Figure 18 shows the spatial distribution maps of the water body in East Dongting Lake from 19 June to 4 September 2020. It could be seen that at the beginning of the flood, the middle and south of the East Dongting Lake did not appear to be inundated. As the water level rose, small lakes located in the middle and south of the East Dongting Lake joined together and inundated a large exposed area. After that, the water area slowly declined but the inundated areas did not show any significant recession.
4.6. Limitations and Implications
Although this paper adopted the SVM model to extract the flood water body information on the GEE platform and proposed a function model to remove the influence of the mountain shadows, thereby further improving the accuracy of large-scale flood monitoring, there were still some shortcomings in this paper. The first was the single data source. This paper used Sentinel-1 images to monitor floods, which were difficult to use to meet the requirements for large-scale floods. In the future, multi-source remote sensing images such as GF-3 and Landsat 8 can be combined. The second was the linear model to remove the effect of mountain shadows. It is not ideal, and the model can be improved in the future to improve the removal rate of mountain shadows. In addition, with the development of machine learning algorithms, new algorithms are constantly being used for flood monitoring [
14,
43]. In the future, we can apply more algorithms to find the most suitable algorithm for flood monitoring. Finally, for large-scale watershed flooding, it is difficult to grasp the evolution trend and characteristics of floods. This paper only selected three typical lakes to analyze flood disasters.

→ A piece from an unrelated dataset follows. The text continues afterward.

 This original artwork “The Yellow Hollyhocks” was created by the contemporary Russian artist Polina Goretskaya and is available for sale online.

More lakes and rivers can be selected for research in the future.
5. Conclusions
Based on the GEE cloud platform and Sentinel-1 SAR images, this paper used the SVM model to extract flood water bodies during floods, and then analyzed the flood disaster situation in the MLB to solve the low accuracy of the extraction of large-scale watershed flood disasters and the difficulty of removing mountain shadows. The results showed that: (1) the evaluation index accuracy and kappa coefficient of the trained SVM model in the testing dataset were 97.77% and 0.9521, respectively. (2) Compared with the other three methods for removing mountain shadows, the linear function model proposed based on samples had the best effect, and its shadow recognition rate was 75.46%. Applying the function model to the flood water body extraction maps could mitigate the interference of mountain shadows. (3) We analyzed flood disasters based on multi-temporal flood water body extraction maps. The flood inundated a total of 8526 km2 of land, of which cropland was the most severely damaged, accounting for 72.25% of the total inundated area. The flood seriously damaged the agricultural production in the MLB.

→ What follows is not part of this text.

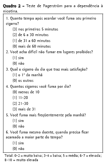 Um dos primeiros instrumentos desenvolvidos para avaliar a dependência à nicotina foi o Fagerström Tolerance Questionnaire (FTQ, Questionário de Tolerância de Fagerström), constituído de oito questões.(3) Um estudo posterior sugeriu um índice denominado heaviness of smoking index (HSI), resultante da combinação das medidas relacionadas ao tempo para consumir o primeiro cigarro do dia e o consumo médio diário de cigarros.(4)

Remote sensing images are used as the record of surface information, and there are differences between the information extracted from images and actual surface information. Although the flood monitoring method in this paper has high accuracy, the bias of the SAR images for recording surface information, the error of flood information extraction, and the difficulty in carrying out accuracy assessment on a large scale, lead to the uncertainty of flood monitoring accuracy. We chose good quality remote sensing images and an intelligent algorithm to reduce this uncertainty. In the future, accuracy assessment can be carried out in more areas to reduce the accuracy uncertainty of flood monitoring.
The flood monitoring method and technical process in this paper can be used in actual flood monitoring, which has high production efficiency. It can provide important support for emergency response and disaster relief of relevant departments, and is of great significance to improve disaster emergency management capability, and provide important guarantees for subsequent studies such as flood development trend and post-disaster damage assessment.